Action item:
What follows is a listing to transcribe exactly, leaving the pictures out.

Recorded data:
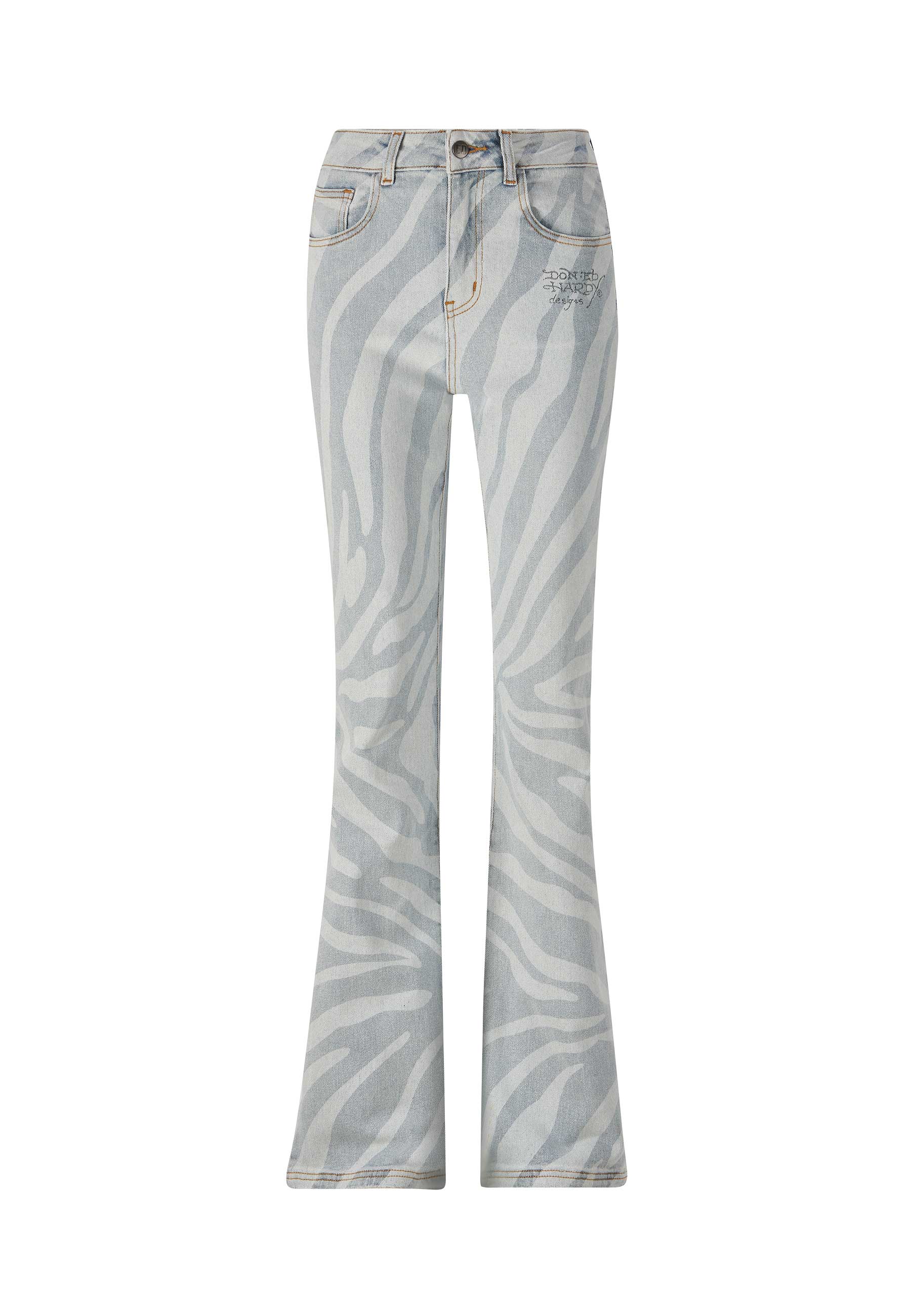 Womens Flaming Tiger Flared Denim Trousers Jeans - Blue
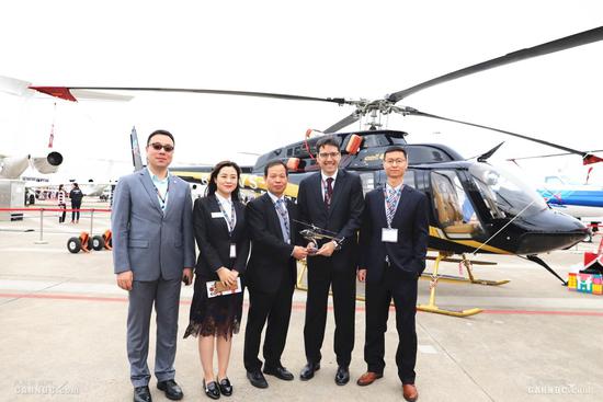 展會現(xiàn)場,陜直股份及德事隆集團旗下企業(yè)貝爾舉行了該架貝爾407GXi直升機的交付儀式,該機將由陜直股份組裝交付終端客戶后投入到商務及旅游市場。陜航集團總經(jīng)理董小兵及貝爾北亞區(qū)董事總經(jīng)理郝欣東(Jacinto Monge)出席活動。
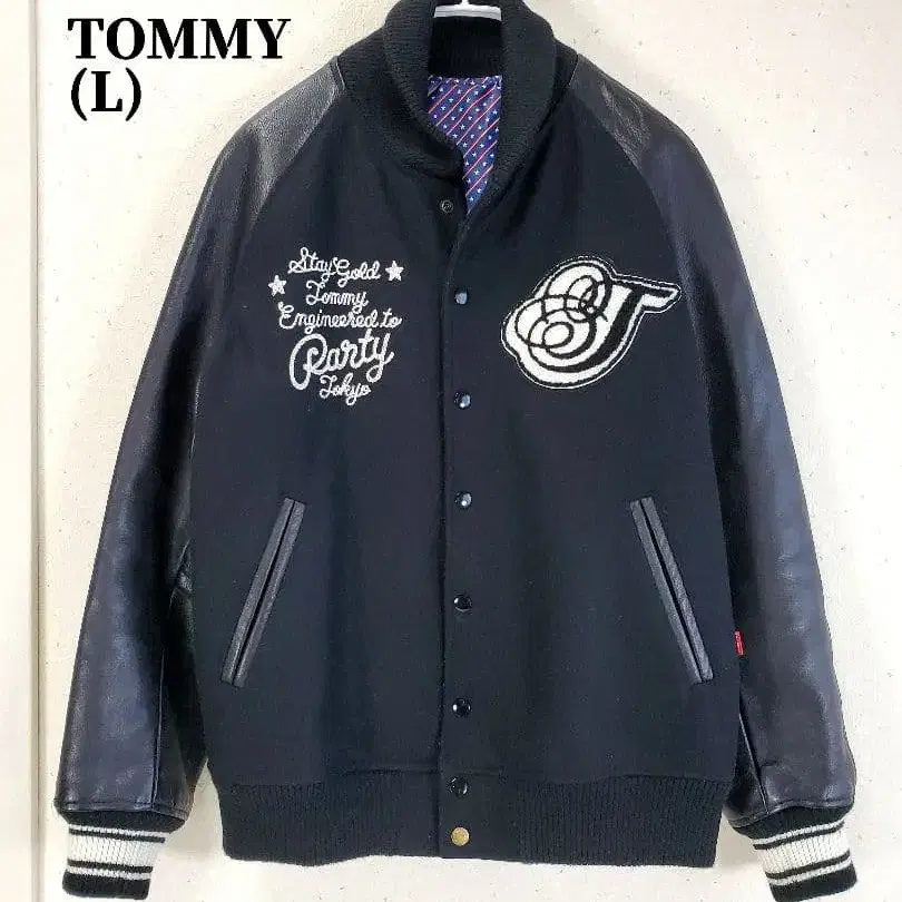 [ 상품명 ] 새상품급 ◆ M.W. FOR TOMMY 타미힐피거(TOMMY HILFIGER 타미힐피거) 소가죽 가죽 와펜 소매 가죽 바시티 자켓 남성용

Your solution:
 Womens Flaming Tiger Flared Denim Trousers Jeans - Blue
 展會現(xiàn)場,陜直股份及德事隆集團旗下企業(yè)貝爾舉行了該架貝爾407GXi直升機的交付儀式,該機將由陜直股份組裝交付終端客戶后投入到商務及旅游市場。陜航集團總經(jīng)理董小兵及貝爾北亞區(qū)董事總經(jīng)理郝欣東(Jacinto Monge)出席活動。
 [ 상품명 ] 새상품급 ◆ M.W. FOR TOMMY 타미힐피거(TOMMY HILFIGER 타미힐피거) 소가죽 가죽 와펜 소매 가죽 바시티 자켓 남성용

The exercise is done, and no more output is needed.